Recorded data:
----------------

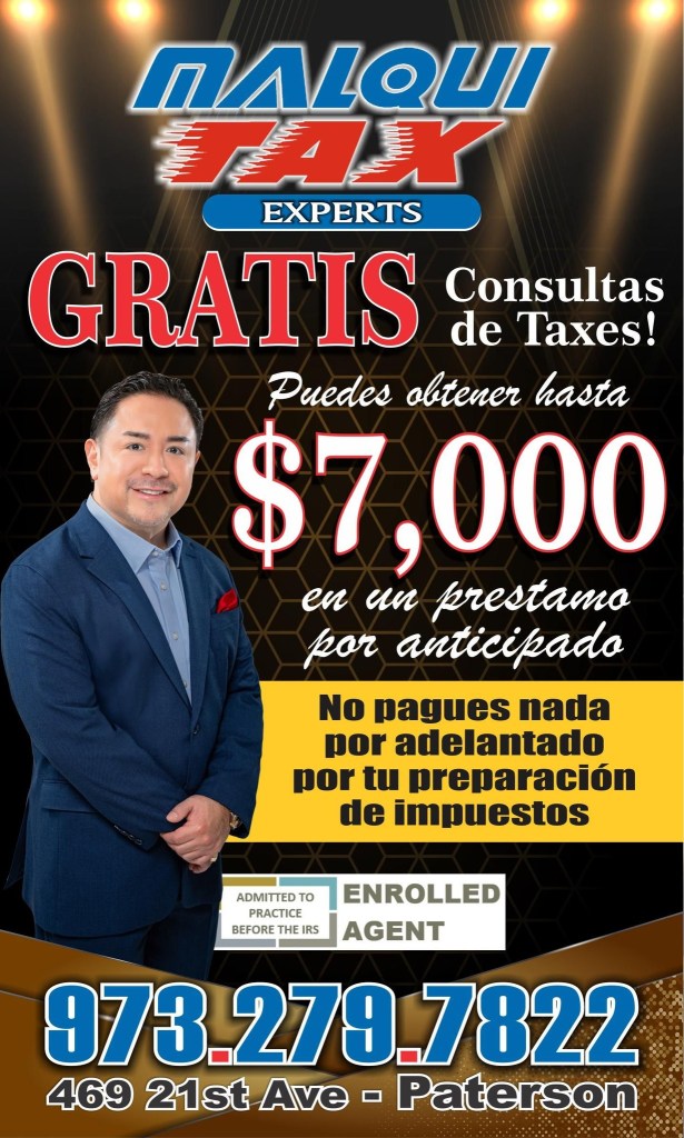 PATERSON, ENE 31 – La empresa especializada en impuestos «MALQUI TAX» está cumpliendo su 50 aniversario de fundación y ofrece, por ese motivo, CONSULTAS GRATUITAS a sus clientes y amigos, según nos comunica su presidente Ceasar Malqui, orgullo de nuestra comunidad.
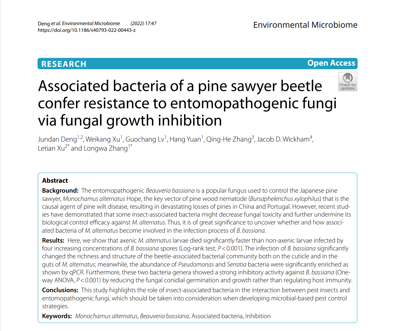 本网讯 近日,公司yl6809永利检测中心张龙娃教授团队在微生物学权威期刊《环境微生物组》(Environmental Microbiome)上发表最新研究成果《松墨天牛共生微生物通过抑制病原真菌生长帮助宿主抵御病原真菌侵染松墨天牛共生微生物通过抑制病原真菌生长帮助宿主抵御病原真菌侵染》(“Associated bacteria of a pine sawyer beetle confer resistance to entomopathogenic fungi via fungal growth inhibition”)。博士研究生邓竣丹为该论文第一作者,张龙娃教授为通讯作者;湖北大学徐乐天副教授作为共同通讯作者参与本项工作。
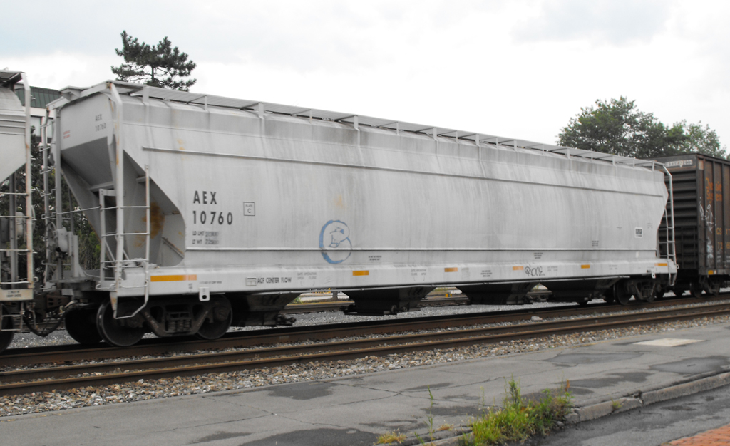 AEX 10760 is seen on CSX Q394-08 at Cumberland MD on 8/9/2012. Car is ex NRLX 57083/CR 892006/PC 892006/NYC 892006.
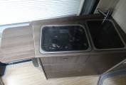 With a rear fixed double bed (6ft 4" x 4ft 7") over a generous garage, this Globescout is perfect for couples off on lengthy tours. The bed can be completely removed if necessary if the van needs to be loaded up for other reasons. Moving up the camper van, we have, in the centre a shower cubicle, which comes into play only when needed and is cleverly and neatly hidden away the rest of the time. The washroom has an electric flush toilet, basin (with pull-out shower hose), lighting, mirrors and cabinets. Opposite is the 3 way Dometic fridge with ice box and small Dometic oven. The kitchen has a 2 burner hob, sink with mixer tap, and extendable work top with deep storage drawers below.
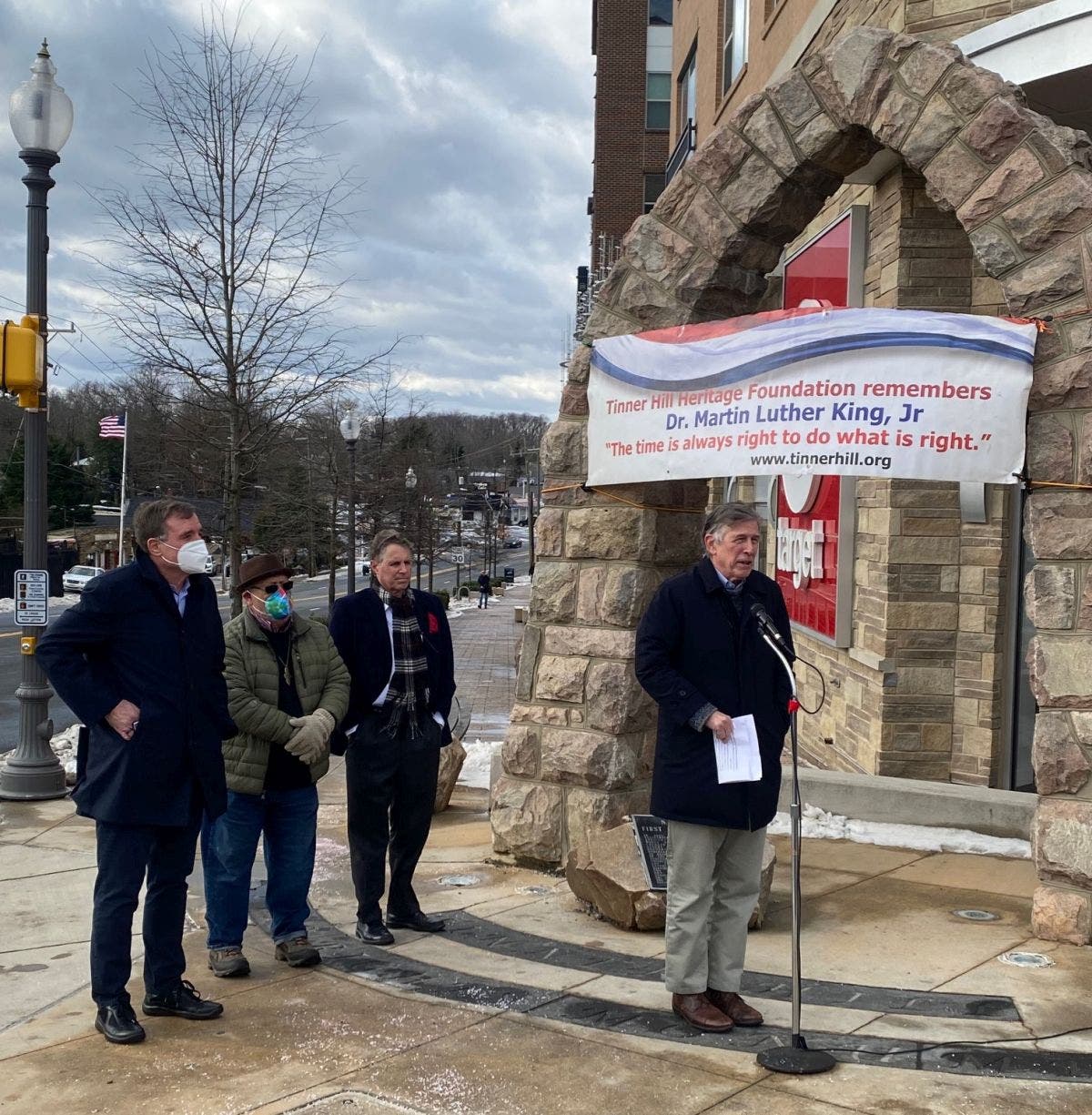 FALLS CHURCH, VA — U.S. Sen. Mark Warner and Rep. Don Beyer joined Edwin Henderson II, founder of the Tinner Hill Heritage Foundation, on Monday to celebrate the birthday of Martin Luther King Jr. with nearly 100 other people at the Tinner Hill Civil Rights Monument in Falls Church.

----------------

▶ [REQUIRED ACTION] Set down all of the entries exactly. Leave the pictures out.

▶ [SOLUTION TO THIS EXERCISE]
 PATERSON, ENE 31 – La empresa especializada en impuestos «MALQUI TAX» está cumpliendo su 50 aniversario de fundación y ofrece, por ese motivo, CONSULTAS GRATUITAS a sus clientes y amigos, según nos comunica su presidente Ceasar Malqui, orgullo de nuestra comunidad.
 本网讯 近日,公司yl6809永利检测中心张龙娃教授团队在微生物学权威期刊《环境微生物组》(Environmental Microbiome)上发表最新研究成果《松墨天牛共生微生物通过抑制病原真菌生长帮助宿主抵御病原真菌侵染松墨天牛共生微生物通过抑制病原真菌生长帮助宿主抵御病原真菌侵染》(“Associated bacteria of a pine sawyer beetle confer resistance to entomopathogenic fungi via fungal growth inhibition”)。博士研究生邓竣丹为该论文第一作者,张龙娃教授为通讯作者;湖北大学徐乐天副教授作为共同通讯作者参与本项工作。
 AEX 10760 is seen on CSX Q394-08 at Cumberland MD on 8/9/2012. Car is ex NRLX 57083/CR 892006/PC 892006/NYC 892006.
 With a rear fixed double bed (6ft 4" x 4ft 7") over a generous garage, this Globescout is perfect for couples off on lengthy tours. The bed can be completely removed if necessary if the van needs to be loaded up for other reasons. Moving up the camper van, we have, in the centre a shower cubicle, which comes into play only when needed and is cleverly and neatly hidden away the rest of the time. The washroom has an electric flush toilet, basin (with pull-out shower hose), lighting, mirrors and cabinets. Opposite is the 3 way Dometic fridge with ice box and small Dometic oven. The kitchen has a 2 burner hob, sink with mixer tap, and extendable work top with deep storage drawers below.
 FALLS CHURCH, VA — U.S. Sen. Mark Warner and Rep. Don Beyer joined Edwin Henderson II, founder of the Tinner Hill Heritage Foundation, on Monday to celebrate the birthday of Martin Luther King Jr. with nearly 100 other people at the Tinner Hill Civil Rights Monument in Falls Church.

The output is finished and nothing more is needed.